また、市長におかれましては、現在、医療従事者の確保に大変ご苦労をいただいており、先程の答弁では、医療従事者の勤務体制の改善策として、一般外来の土曜日休診を述べられていますが、具体的に検討を行っているとするならば、その取り組み内容等についてお伺いします。
以上、2回目の質問を終わります。
《横山勇志議員 第2標題2回目の質問に対する答弁》

 横山議員の2回目の御質問にお答えいたします。
 まず、市立病院のあるべき役割・機能についてでありますが、御案内のとおり市立病院は、市民をはじめとして広範囲にわたる富士・東部医療圏域内の皆様の健康保持に必要な医療の提供と、地域医療の確保及び保健衛生の向上等を目的として設置、運営しております。
 しかし、その施設規模や人員体制など、果たす役割には自ずと制約があることも、一方の事実として御理解をいただきたいと存じます。
 私は、このような実情の中で、市立病院を良好に運営・維持していくためには、地元医師会等の協力のもと、今まで以上に市立病院と診療所との連携、いわゆる「病診連携」を推し進めることが必要であると考えております。
 これには、比較的症状の軽い方は、診療所の先生に診ていただく1次医療として、いわゆる「かかりつけ医」の診療により日頃の健康保持に努めていただき、入院や手術を必要とされる比較的症状の重い方は、市立病院で精密検査を受けるなどの高度医療として2次医療を受けていただくなど、市立病院と診療所がそれぞれの役割と機能を分担する中で、効率的でより良質な地域医療を提供するための体制を確立することが重要であると考えております。
 次に、一般外来の土曜日休診についてでありますが、まず、これまでどおり救急患者の皆様には最善を尽さなければならないことは当然のことであり、その他の課題なども十分に検討しなければなりません。現在、山梨赤十字病院との相互協力体制や地元医師会との病診連携の更なる充実による協力体制など、協議・検討を行っているところであります。なお、具体的な検討内容等につきましては、市立病院事務長をして答弁いたさせます。
 いずれにいたしましても、市立病院は富士・東部医療圏域内の公立病院の中でも、特に産婦人科や小児科の医師を確保するなど、万全な体制で住民の皆様の医療ニーズにお応えしております。
 今後も勤務医師や看護師等の医療従事者を十分に確保していくためには、適正な労働環境の整備及び負担軽減に努めなければなりません。地元医師会をはじめとする関係各機関、地域住民の方々の御理解、御協力をいただく中で、市立病院の役割・機能を十分発揮できるような地域医療提供体制の確立に努め、安全で安心な医療サービスを提供して参りたいと考えております。
 以上、私からの答弁といたします。

≪市立病院事務長答弁≫

 横山議員の一般外来の土曜日休診についての御質問にお答えいたします。
 現在、山梨赤十字病院とは医師を中心とした関係職員による調整ための話し合いを行っております。
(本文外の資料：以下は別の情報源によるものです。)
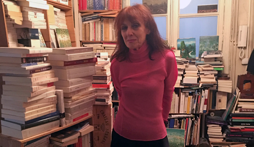 Annie Le Brun en su casa, rodeada de libros. Foto: J. C.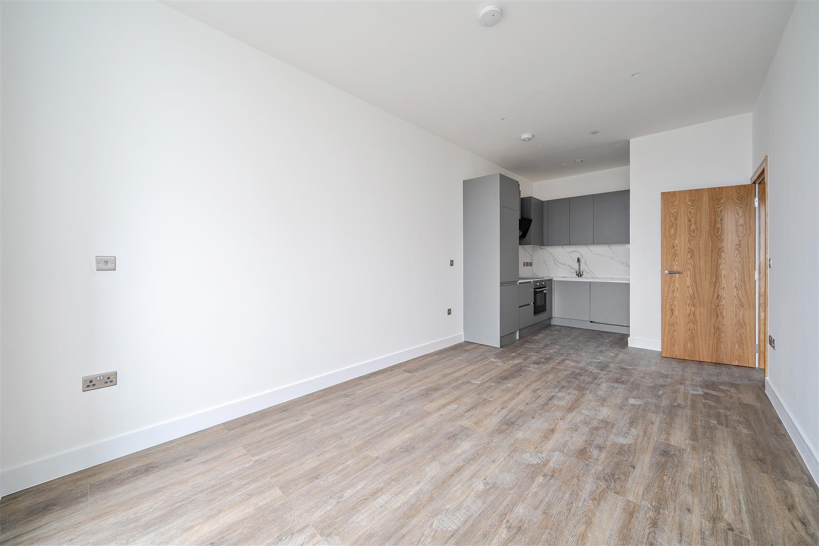 Each apartment has been thoughtfully designed with an emphasis on quality, comfort, and modern aesthetics. Kitchens are finished in an elegant grey tone with quartz worktops, white marble splashbacks, and fully integrated Samsung appliances, all supported by a five-year manufacturer’s warranty. Open-plan living areas are light and spacious, enhanced by electric heating and Mitsubishi Electric air filtration systems, providing superior comfort and air quality throughout.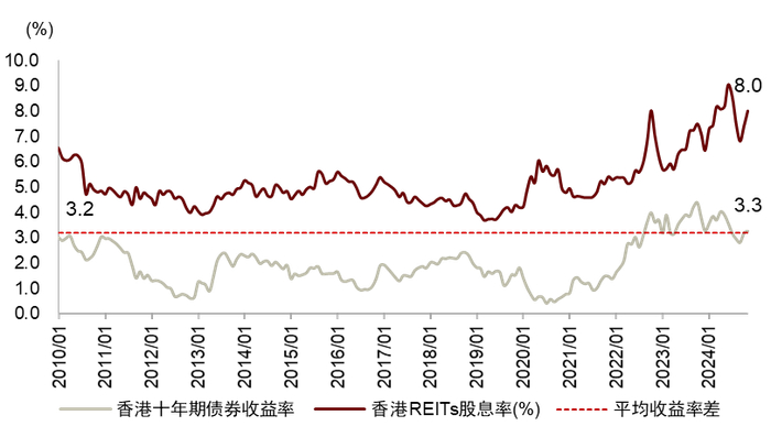 图表37:中国香港REITs股息率与香港政府十年期债券收益率对比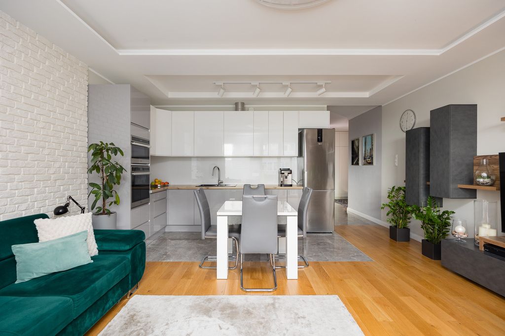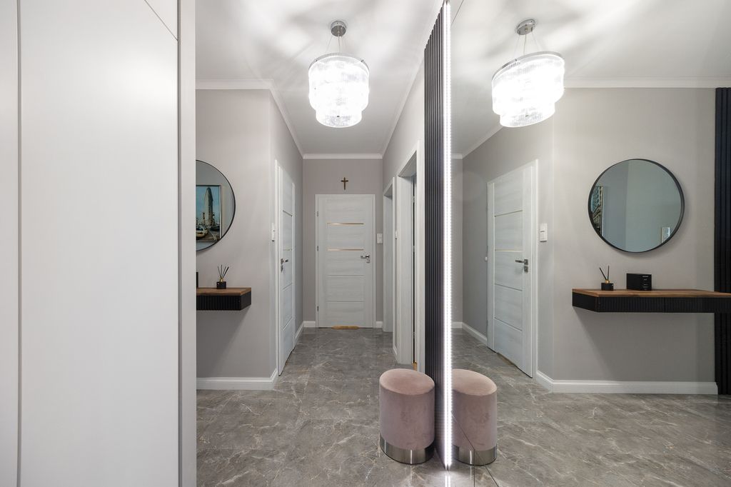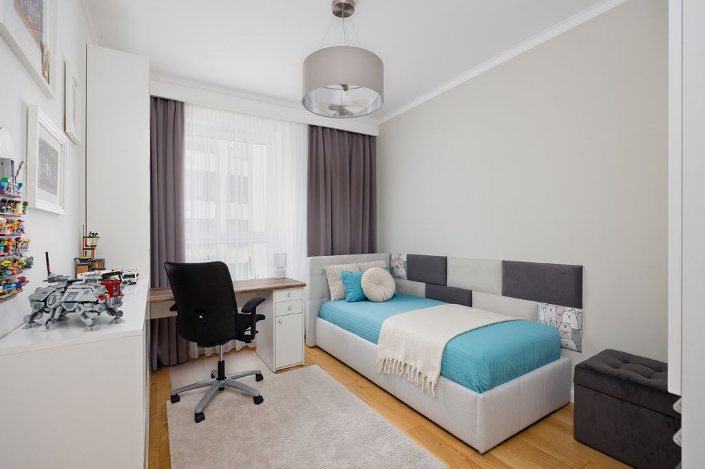 Nieruchomość w doskonałym stanie technicznym, gotowa do zamieszkania. W salonie uwagę przyciąga przeszklona niemal cała ściana, która wpuszcza do wnętrza mnóstwo naturalnego światła. W całym mieszkaniu znajdują się liczne zabudowy wykonanej na wymiar, dzięki czemu przestrzeń jest nie tylko estetyczna, ale też bardzo funkcjonalna.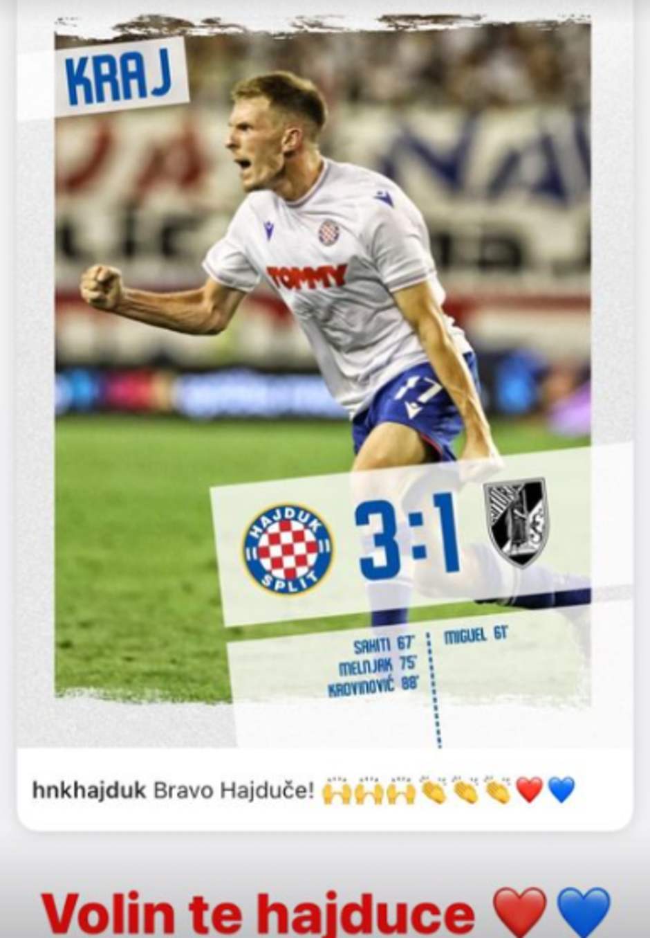Pobjedu Hajduka popratio je i njegov bivši igrač Tonio Teklić uz natpis: "Volim te, Hajduče."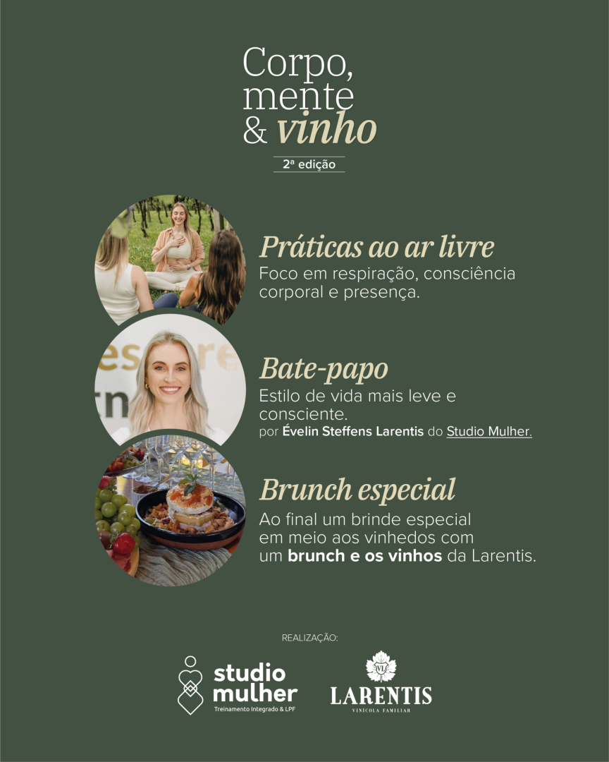 Para finalizar com ainda mais sabor e autenticidade, um BRUNCH especial te convida à pausa, a compartilhar experiências, a trocar impressões e a brindar juntas com os vinhos Larentis — onde tomar um vinho não é culpa, é celebração. Uma pausa merecida!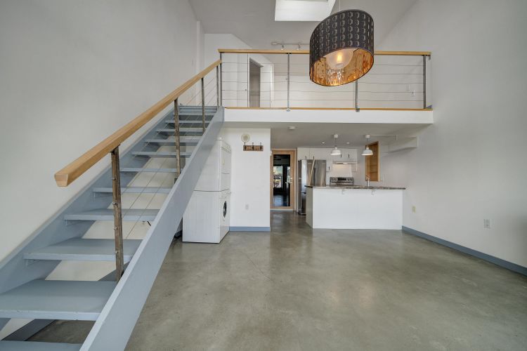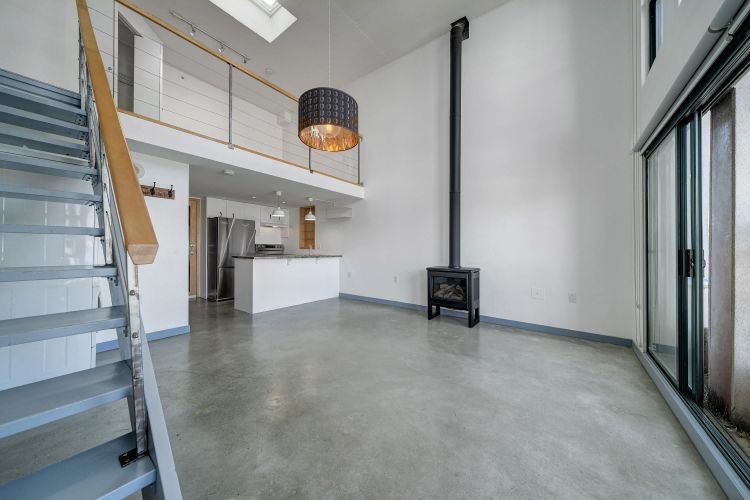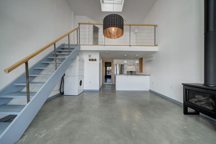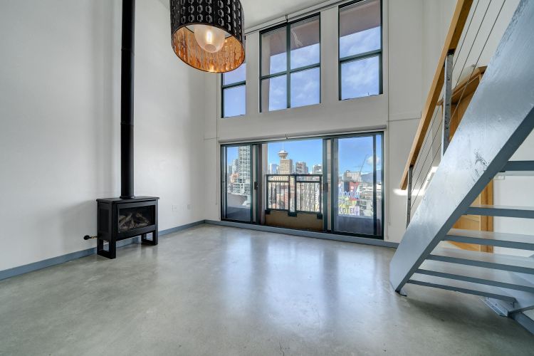 New York-style penthouse loft in the Van Horne building - Gastown. Outstanding creative space with concrete floors, 16" ceiling, and panoramic views of the water, mountains, and the city. The space features large floor-to-ceiling windows and a constantly moving picture of the world outside - it is light and bright. There is a Juliet balcony with double sliders, built-in shelving, a freshly painted kitchen with newer appliances, in-suite laundry, plus a free-standing gas fireplace for ambience. The upper loft is 188 SFT and can be used as a bedroom or creative space with a sizable walk-in closet. The Gastown location is vibrant, with access to amazing restaurants, bars, cafes, and boutique shops. You are also steps from parks such as Crab Park, Dr. Sun-Yat Sen Gardens, and the Canada Line.
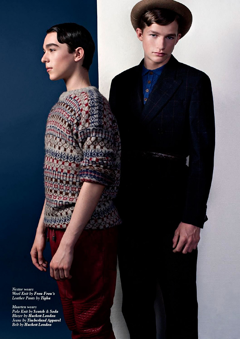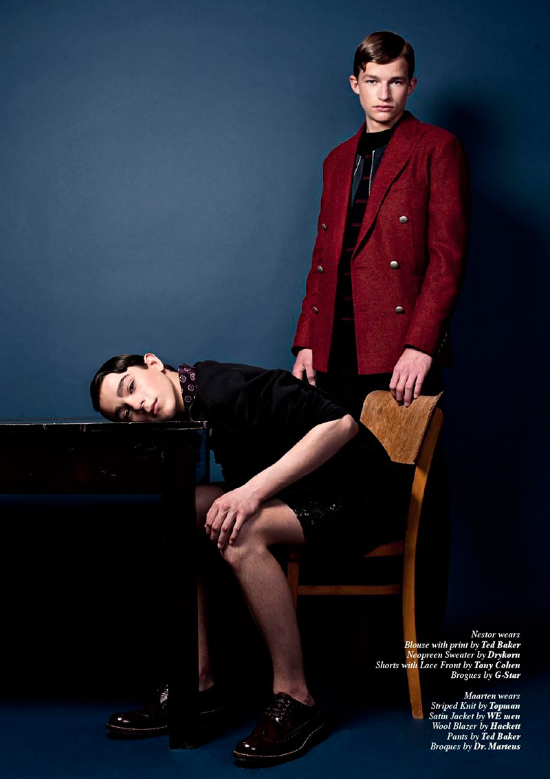 “Maarten R. and Nestor Tsakirakis shot by Nadja Pollack and styled by Elise Verhoeven, for the latest issue of Client Style Guide. Hair & Make-up: Hanan Chahid.” – FY Magazine.es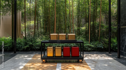 A professional photograph of a minimalist matte black luggage cart with golden and red leather suitcases, placed in a sunlit marble courtyard surrounded by tall, symmetrical bamboo trees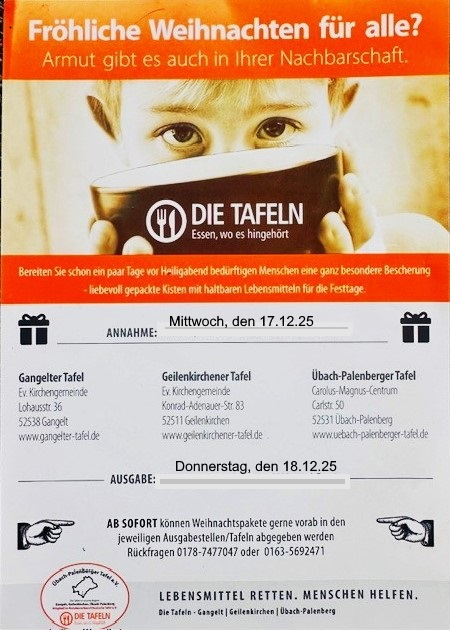 Gerne können Sie diese auch während der Ausgabezeiten in allen 5 Ausgabestellen unserer 3 Tafeln ausgeben, die Infos wann dies ist, finden Sie auf der Website der jeweiligen Gemeinde. Bitte kommen Sie möglichst vor dem Kundenansturm, d. h. am besten zwischen 10.00 Uhr und 12.00 Uhr. Oder Sie kommen am Mittwoch, den 17.12.25 da sind wir von 10.00 Uhr bis 18.00 Uhr vor Ort.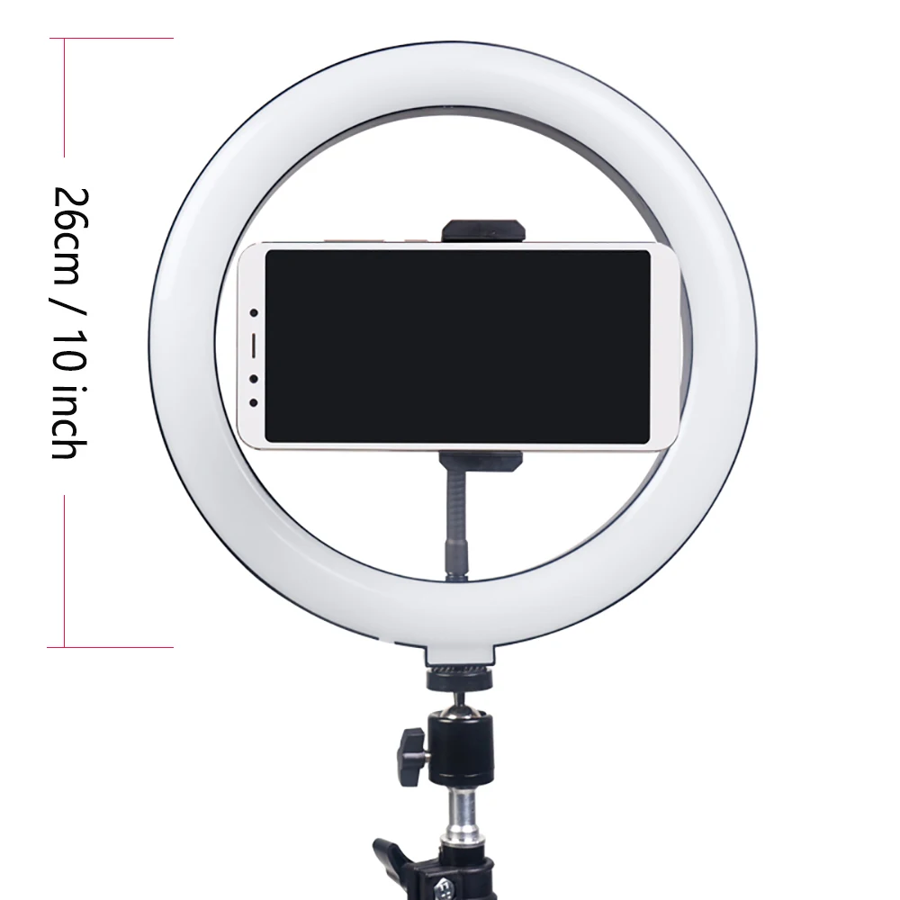 Кольцевой светильник для селфи, LED лампа с регулируемой яркостью, 10 дюймов, для Youtube, макияжа, прямых трансляций видео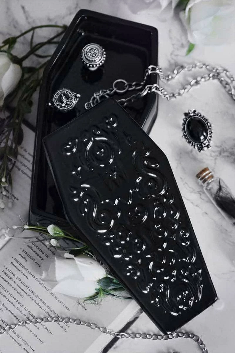 Home sweet haunted home. Add a bit of spooky to your crypt with our ‘Daemon’ coffin box – complete with a ceramic lid. Perfect for storing crystals, knick-knacks, keys, secret stuff or whateverz!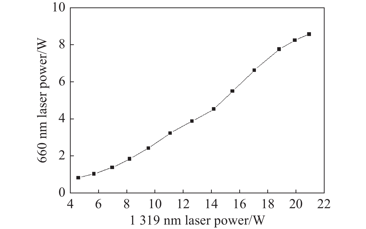 Red lasers with a picosecond pulse width are widely used in various fields such as industrial, medical, scientific research and information strorage due to their narrow pulse width and high peak power. This paper presents an all-solid-state laser, operating at 660 nm with picosecond pulse width, narrow band, and high conversion efficiency, which is demonstrated by the acousto-optic mode-locked (AOML) method. By optimizing the cavity and implementing external frequency doubling with two LiB3O5 (LBO) crystals along with various techniques, a mode-locked red laser source with a maximum output power of 8.6 W is developed. The laser operates in a pulsed side-pumped regime and contains the mode-locked pulses with a frequency of 100 MHz and a pulse width of 887 ps. The optical-to-optical conversion efficiency from 1319 nm to 660 nm can reach up to 41%.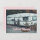 Muestra un viejo remolque blanco y "Nos hemos mudado". Personalice y personaliza la nueva dirección y la información de contacto. El color de fondo es rosa y también se puede personalizar. Diseño divertido para hacer que una mudanza agotadora sea más divertida.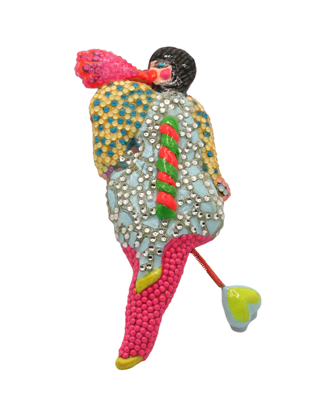 ‘그림자 꼭두’는 점토, 비즈, 컬러 철사, 실, 래커, 스와로브스키 스톤을 사용해 모든 과정이 수작업으로 이뤄진 작은 직립 인물 형상이다. 먼저 철사와 실로 뼈대를 구성한 뒤, 점토를 입혀 신체와 구조를 형성한다. 이후 색채와 비즈 장식, 드로잉을 표면에 중첩해 반사와 장식이 응축된 지점을 만들어낸다. 이 시리즈는 삶과 죽음의 경계에서 영혼을 인도하고 보호하는 한국 전통 장례의 꼭두를 재해석했다. 그림자 같은 부적으로 형상화된 작품은 개성과 차이, 온기와 유머를 포용하며, 상실의 감정을 돌봄의 촉각적 언어로 승화한다.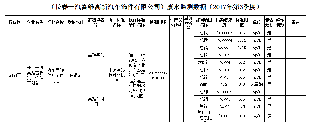 (长春一汽富维高新汽车饰件有限公司)废水监测数据(2017年第3季度)

具体的には、その移行期として、双方の病院が毎週土曜日に休診するのではなく、休診日が重ならないような隔週での休診を検討しているところであります。
 また、現在、オンコール体制により万全を期している救急患者の受入れにつきましては、これまでと同様とすることとし、なお一層の体制整備のため、救急時の受入れ時間のスムーズな切替え方法の検討など、双方の病院の役割分担につきましても話し合いを行っております。
 さらには、地元医師会との病診連携の充実及び隔週休診に向けての御協力をいただくために役員会等での協議をも行っております。
 以上、答弁といたします。

≪最後のあいさつ ≫

 市長におきましては、従来の市政にとらわれることなく、大胆かつ柔軟に首長としての立場を有効活用し、積極的に内外に向けて本市をアピールし続けることを希望いたします。そして、知恵を出し続けることを惜しまなければ必ず明るい未来が見えてくると確信しております。私たちは次世代に対して良いものをたくさん残しておく責務があります。決して私たちのつけを負わせることのないよう、知恵を出し合いましょう。
 これにて私の一般質問を終わります。